28 Ağustos, 2007

Anayasamız Hayatımız!

Kayıtsız kalamayacağınız, hepimizin yaşamını, geleceğini kökünden etkileyecek çok temel bir belge, Anayasa. Anayasa’ya toplumun hangi kesiminde olursanız olun, sahip çıkmalı, tüm içeriğini genel-özel yönelimlerini tartışmalıyız.

Eğer laikliği korumak istiyorsanız;

Eğer tam demokratik bir Türkiye istiyorsanız;

Eğer başkanlık sistemi, yarı başkanlık sistemi ya da daha güçlü bir parlamenter bir sistem istiyorsanız;

Devletin kurumları arasındaki denge, Cumhurbaşkanının yetkileri, seçimi konusunda aklınıza yatmayanlar varsa, durmayın Anayasa tartışmalarına katılın, nedenlerinizi, gerekçelerinizi yazın.

Anayasa yapmak sadece uzmanların işi değildir, üye olduğunuz sivil toplum kuruluşunu harekete geçirin veya bireysel olarak katılın, yeni Anayasanın yapımına.

Anayasamız ancak böyle “sivil” olacak. Temsili demokrasiden, katılımcı demokrasiye geçmek için artık el verin, katılımcı olmaktan uzak durmayın.

Toplumsal “uzlaşmanın”, toplumun taleplerinin, çağın gereklerinin, beklentilerinin, hukuk devleti olmanın adil ve sosyal bir devlet olmanın belgesidir, Anayasa.

Ülkemizin, Cumhuriyetimizin, çağdaş demokrasimizin sınırlarını Anayasamız çizecek, katılın ki bu çizgilerin vicdanlı, ahlaklı, geleceğimizi öngörecek ilkelerle bezenmesine aracılık edebilelim.

Güzel Türkçemizi egemen kılalım Anayasamıza, az, öz, açık anlamlarla bezeyelim, mümkün olduğu kadar herkese göre eğilip bükülen, herkesin istediği anlamları çıkardığı maddelerden kurtaralım.

Cumhuriyetimiz üzerinde askeri, bürokratik ve “sivil” vesayet kurmak isteyenlere engel olalım.

Tüm bunlar için, sadece sandığı beklemeyin, yapım sürecine dahil olun, “ses” verin, “demokratik” bir anayasa için çaba harcayanlara güç-destek verin.

Anayasaya Cumhuriyetimizin kuruluş coşkusuyla sahip çıkın, vizyonsuzluğa, temel hak ve özgürlüklerimizi daraltabileceklere karşı durun.

Gelin tartışmayı genişletelim: Yasamayı yürütmenin tahakkümünden kurtaralım.
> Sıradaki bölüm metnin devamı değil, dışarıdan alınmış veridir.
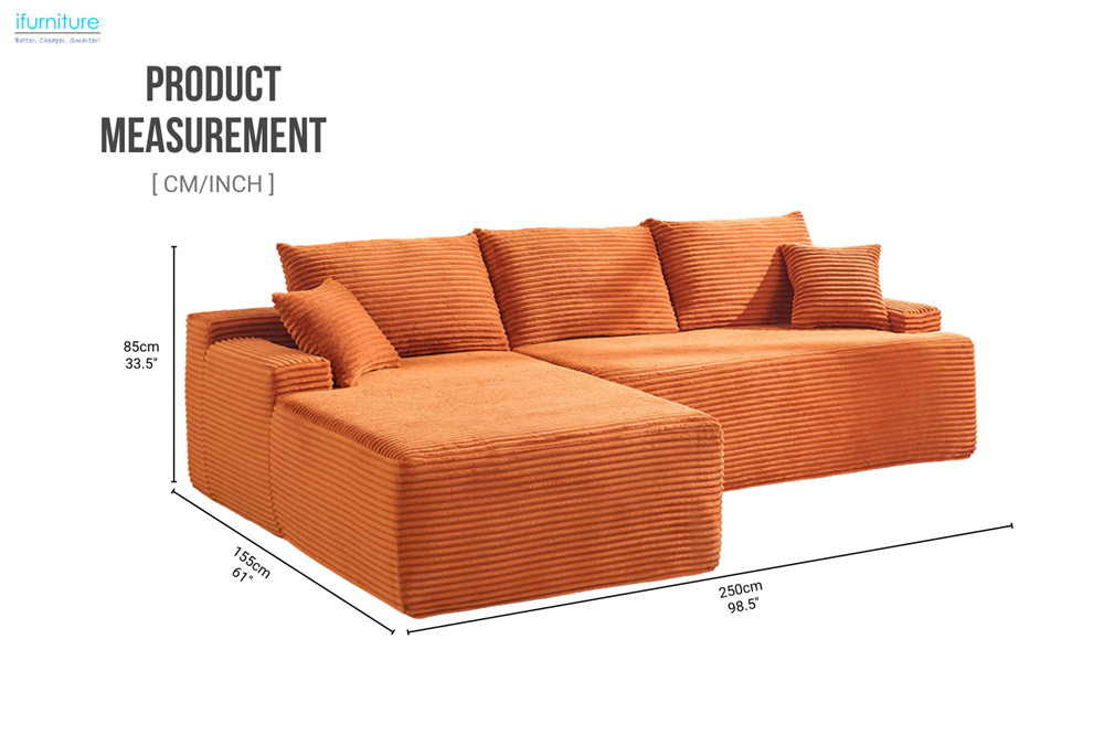 ASHFORD Fabric Sectional Compressed Sofa (Orange)
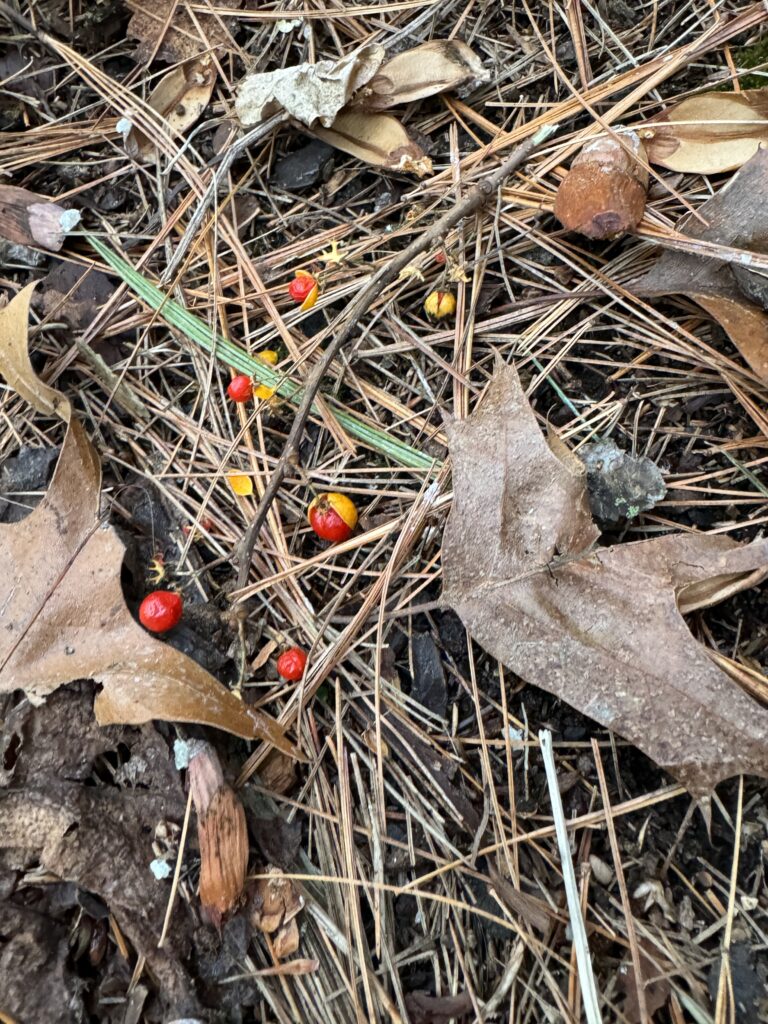 Although some bird nests could be seen in the nearby trees, birds themselves, could only be heard in the distance by listening very closely. It was a vast change to the chirping and rustling previously heard within the forest during past visits. No other animals were heard or seen, however, suspected homes in the holes of trees were identified. The only berries in sight were those picked from a tree or bush nearby and brought the base of a white pine tree nearby.
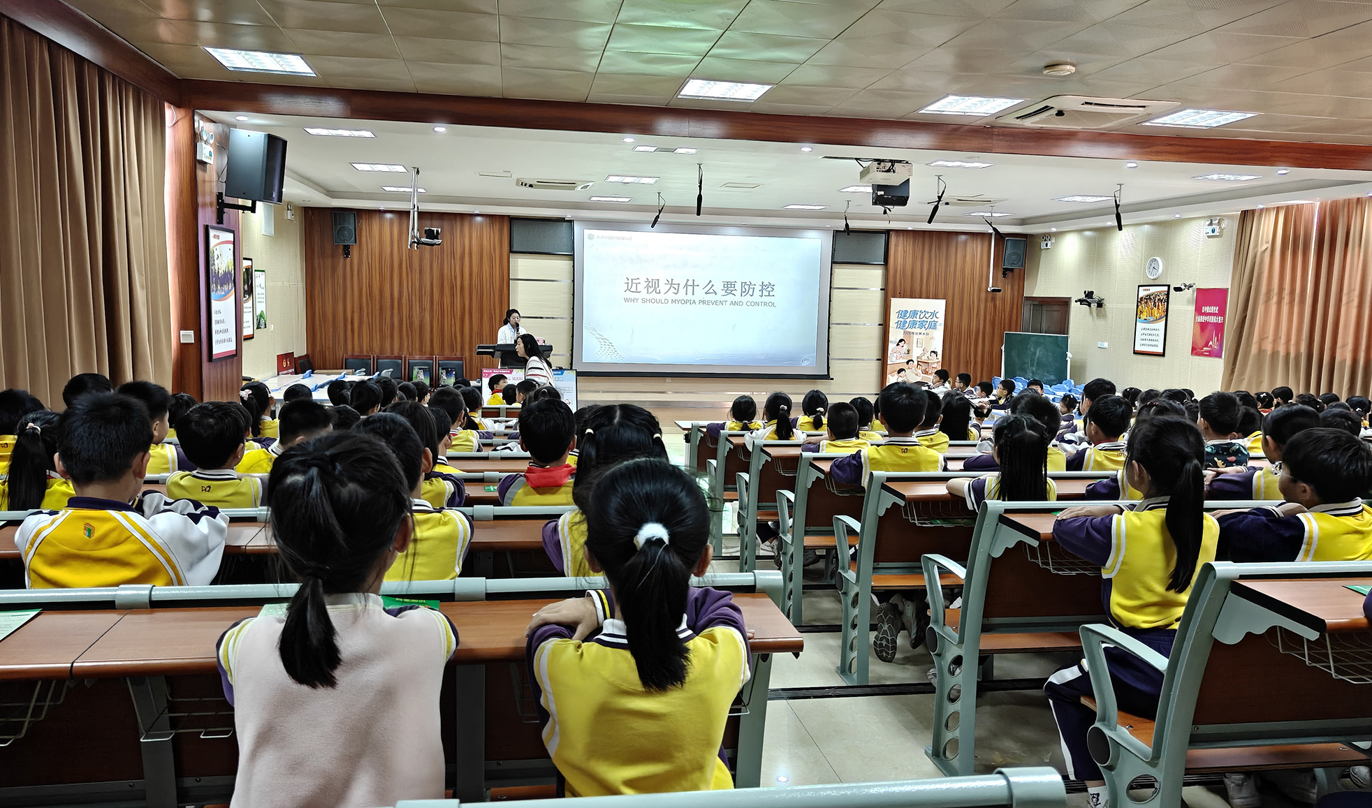 在预防近视环节,宣讲员强调了每天日间户外活动不少于2小时的重要性;尤其学习任务繁重的同学更要注意学习间隙对眼睛的放松和休息。针对已经近视的学生,宣讲中着重讲解了近视后如何控制度数加深的问题,强调一旦发现视力异常,应及时到医院检查矫治,避免近视加重发展为高度近视。

Yargıyı tam bağımsız kılalım. Milletin vekillerini, lider vekili olmaktan çıkaracak düzenlemelere, Anayasal güç katalım.

Milletin iradesini, yine millete kazandıralım. Kendi irademizi, kimseye kurban etmeyelim.

Anayasamız hep, “demokrasiye aşık Türk evlatları” tarafından korunmak üzere yemin edilirken, bir yandan da katledildi. Her darbeci veya “sivil” kendi dar görüşlülüğünü dayattı. İnsanı değil, devleti korumayı esas aldı. Her ikisini birlikte korumanın bir yolunu bulalım.

Başta laik-anti laik kutuplaşmasına, Kürt Sorununa çare olacak, bizi birbirimize düşürmek için çaba harcayanlara yanıt verecek bir çaba sergileyelim. Toplumun kırılma noktalarının Anayasal referanslar taşımasına izin vermeyelim.

Şimdi bir yurttaş olarak büyük bir fırsat var önümüzde, sadece kendi geleceğimiz için değil çocuklarımızın ve ülkemizin geleceği için demokratik bir Anayasa yapma fırsatı. Özgürlüklerden, demokrasiden korkan “demokratlara” bu kez boyun eğmeden, “güçlü bir demokrasi” için Anayasamızı “yapalım”.

27 Ağustos, 2007

Anayasayı biz “yapmalıyız”

"Sivil Anayasa"nın ilk taslağı ve sızanlar üzerinden tartışmalar yapılıyor. AKP özellikle Prof Dr. Ergun Özbudun ve ekibine hazırlattığı ön taslağa hukukçulardan oluşturduğu komisyonla çeki düzen veriyor. Hem Özbudun’la yapılan röportajlardan hem de basında bu taslakta yer alan “ilginç” bölümler üzerinden kamuoyunun örtülü ilgisiyle bir tartışma isteği seziliyor.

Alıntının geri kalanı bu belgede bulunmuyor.